• _Required work_
Retype each line of the material below word for word; pictures stay out.

• _Data block_
^^^^

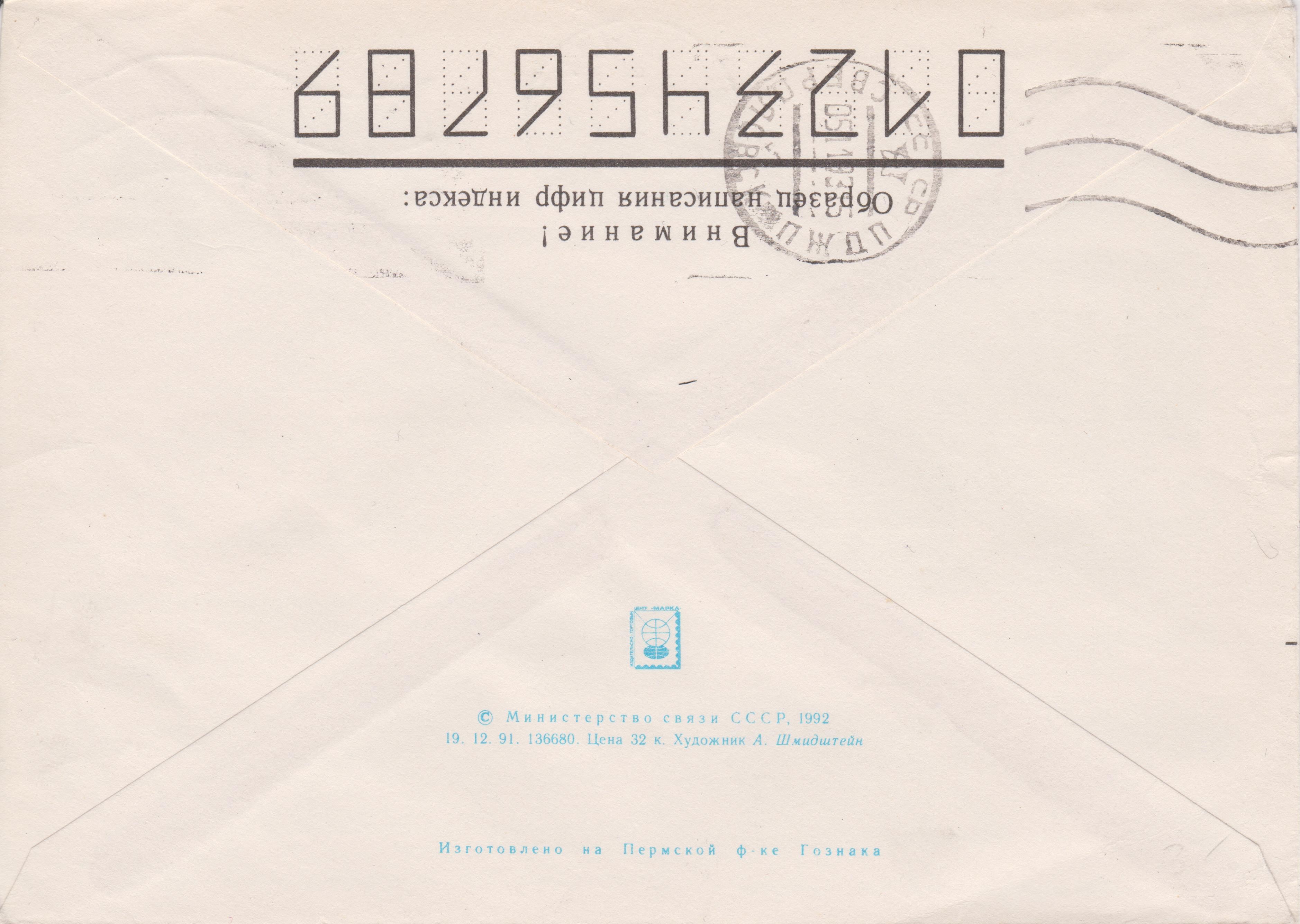 Hier ein weiteres Exemplar dieser Ganzsache mit rückseitigem Druckdatum "19. 12. 91":
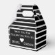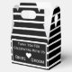 Perfectly classic black and white seersucker striped wedding favor box that is customizable.
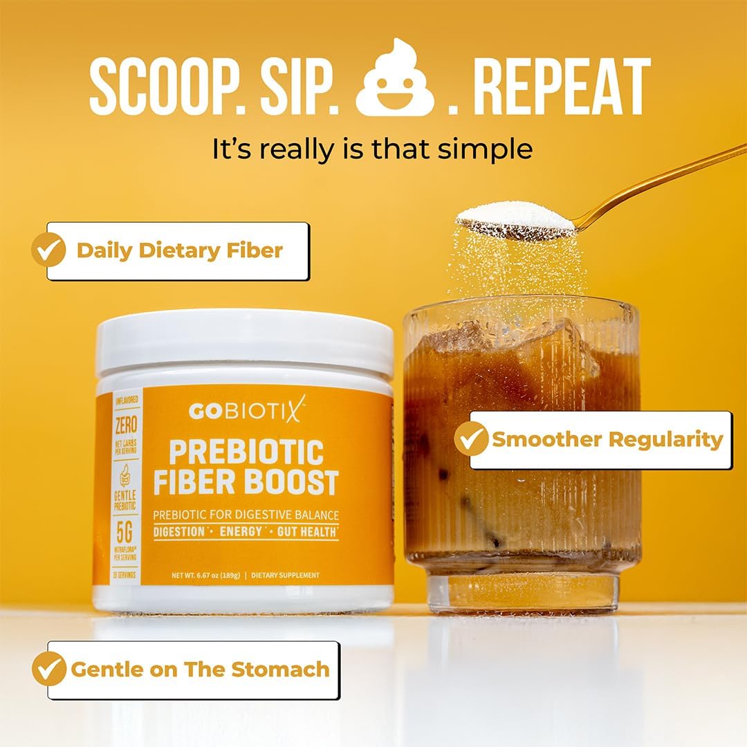 GOBIOTIX Fiber Supplement Powder with Prebiotics for Digestive Health and GLP-1 Support, Soluble Fiber for Gut Health & Debloat, Keto, Vegan, Gluten & Sugar Free, 35 Servings (1 Pack)

^^^^

• _Solution for this problem_
 Hier ein weiteres Exemplar dieser Ganzsache mit rückseitigem Druckdatum "19. 12. 91":
 Perfectly classic black and white seersucker striped wedding favor box that is customizable.
 GOBIOTIX Fiber Supplement Powder with Prebiotics for Digestive Health and GLP-1 Support, Soluble Fiber for Gut Health & Debloat, Keto, Vegan, Gluten & Sugar Free, 35 Servings (1 Pack)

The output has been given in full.